An Old-Fashioned GirlAnd that voice, which is far too often preachy, leads us to the other thing I noticed right off, which is Alcott's conviction that the country or the village is superior in pretty much every way to the city.  Having read her biography, I find this interesting, because Alcott herself was clearly ambivalent.  Her father was 100% clear: healthy bodies and healthy minds were made through outdoor work and play far from the city.  Louisa seems to have tried very hard to go with that, but spent much of her life moving to and from the city, where she in fact found better inspiration for her writing.

To return to the Old Fashioned-Girl.  As I watch the story develop from the arrival of Polly Milton (a name I think not at all chosen at random) in the city, awed and prepared to admire all she sees, through her disillusionment and struggle to find a place for herself there, I think that modern children (okay, girls) will both enjoy Polly and find her too good.  The old-fashioned values will seem as strange and absurd in many ways as do the values of the fashionable girls (and I wonder if a child will see, as I do, the universality of the the absurdity of fashion!).  Thus the first half of the book.

The second half takes on, for me, a very different tone and purpose.  When Polly returns to the city as a working girl, she lands smack in the middle of one of Alcott's pet topics, class (for want of a better word).  While the young reader will see this section as part coming-of-age and part love story, I see it as an exploration of class, work, and the place of women in a society that Alcott found unacceptably repressive, not to mention grossly unfair.  In that, I think that the second half is a much more interesting book than the first, which reads much more as a sermon.

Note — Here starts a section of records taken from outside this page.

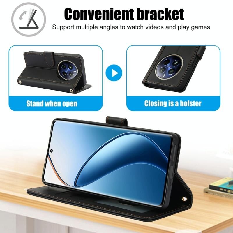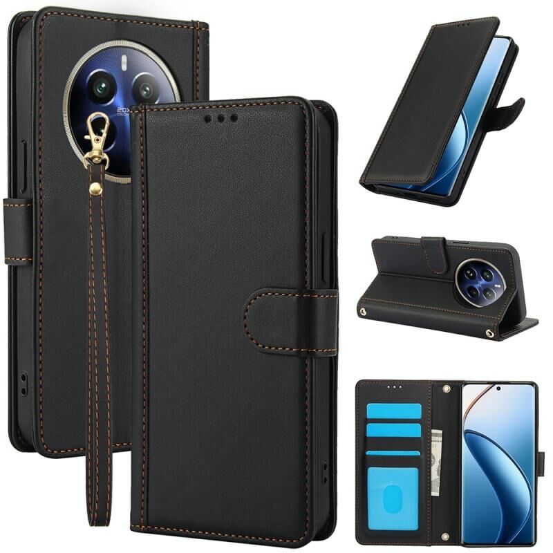 Για Realme 12 Pro / 12 Pro + Skin Feel Pure Color Card Slots Δερμάτινη θήκη τηλεφώνου με διπλό κορδόνι (Μαύρο)
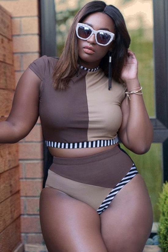 Trendy plus size two piece bikini set featuring a crop t-shirt styling swim top with cape sleeves, detachable padding cups, stand collar, wild band in contrast stripe printed, and a high waisted bikini bottom in color combination.
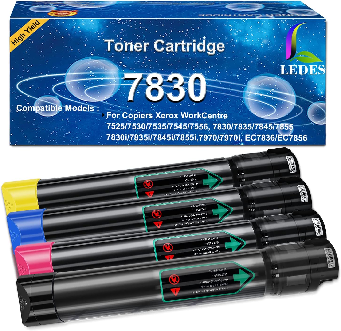 LEDES 7525 Toner Cartridge Compatible Replacement for Xerox WorkCentre 7830 7835 7845 7855 7970 7525 7530 7535 7545 7556 Printer(BK,M,C,Y)
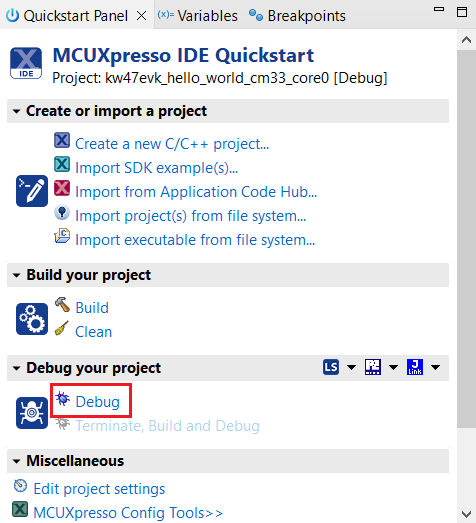 This section describes the steps required to configure MCUXpresso IDE to build, run, and debug example applications. The hello_world demo application targeted for the KW47-EVK hardware platform is used as an example, though these steps can be applied to any example application in the MCUXpresso SDK.

As a side note: I don't think any of Alcott's books fails to include the death of a loved parent, sibling or other important person.  She was not merely unafraid of tackling a subject that I think was more in-your-face in those days, when far more children died and far more lost parents, but I think determined to help make it less frightening and devastating.  Her books advocate for a fairly orthodox Christian belief in a deity and and afterlife, despite the rather less orthodox ideas her father explored.  I've never been sure if Alcott was a true believer or merely knew what had to be said to sell, but she does at times adopt the standard line and religious tone, which grates a bit on my modern agnostic sensibilities.

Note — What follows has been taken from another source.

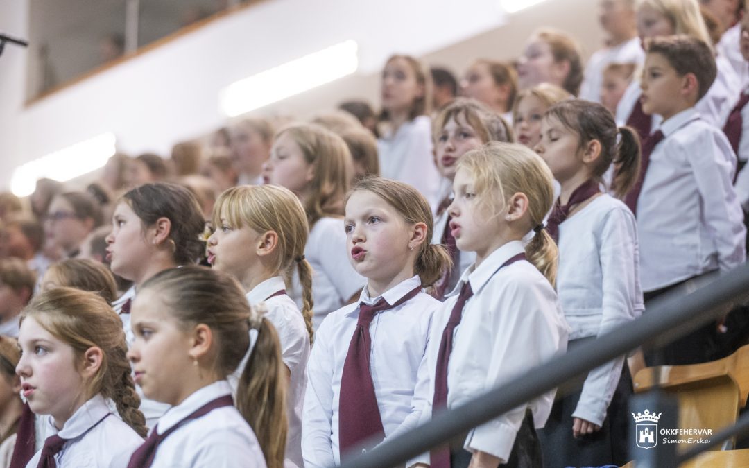 Székesfehérváron évtizedes hagyomány, hogy a zene világnapján a város zenei életének legkiválóbb képviselői: kórusok, zenekarok, hangszeres művészek, népzenészek együtt énekelnek, muzsikálnak, nem ritkán a közönséggel közösen. Nem volt ez másként idén sem, amikor immár tizenkilencedik alkalommal gyűlt össze a város zeneszerető közönsége október 1-jén az Alba Regia Sportcsarnokban. A hangversenyt az Alba Regia Szimfonikus Zenekar nyitotta meg, Rossini A sevillai borbély című operájának Nyitányával, Dobszay Péter vezényletével. A komolyzenét követően a gyermekek kértek figyelmet és Kodály Zoltán Angyalkertjével tánccal, énekkel idézték meg a gyermekkor játékosságát és szabadságát. A Kodály Zoltán Általános Iskola, Gimnázium és Alapfokú Művészeti Iskola gyermek tánccsoportja és az iskola 3. és 4. osztályosai alkotta kórus műsorát követően ünnepi beszéddel folytatódott az este.

Finally, here's one bit that I can totally identify with:
. . . she had nothing to do but lounge and gossip, read novels, parade the streets, and dress; and before a week was gone, she was as heartily sick of all this, as a healthy person would be who attempted to live on confectionery.  (p. 35)
Kind of how I feel about many people's idea of vacation, lying on beaches or sitting around on cruise ships or the like.  I go nuts if I can't get exercise!  Alcott clearly was right about one thing, given what we know now about the value of exercise, for people of all ages and genders.

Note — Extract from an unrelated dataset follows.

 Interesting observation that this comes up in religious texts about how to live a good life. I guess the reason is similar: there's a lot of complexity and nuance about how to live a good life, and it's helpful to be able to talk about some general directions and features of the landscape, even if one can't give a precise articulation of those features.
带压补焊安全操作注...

So do I think that Alcott's book stands up to the passage of time?  Yes, and no.  I think many modern children will find the language a little challenging (not that that's all bad!), and many will also find the tone preachy, though it's less clear to me that that stops children--the Berenstain Bears and Mrs. Piggle-Wiggle both have great circ at the library, and to me they are both preachy as all-get-out.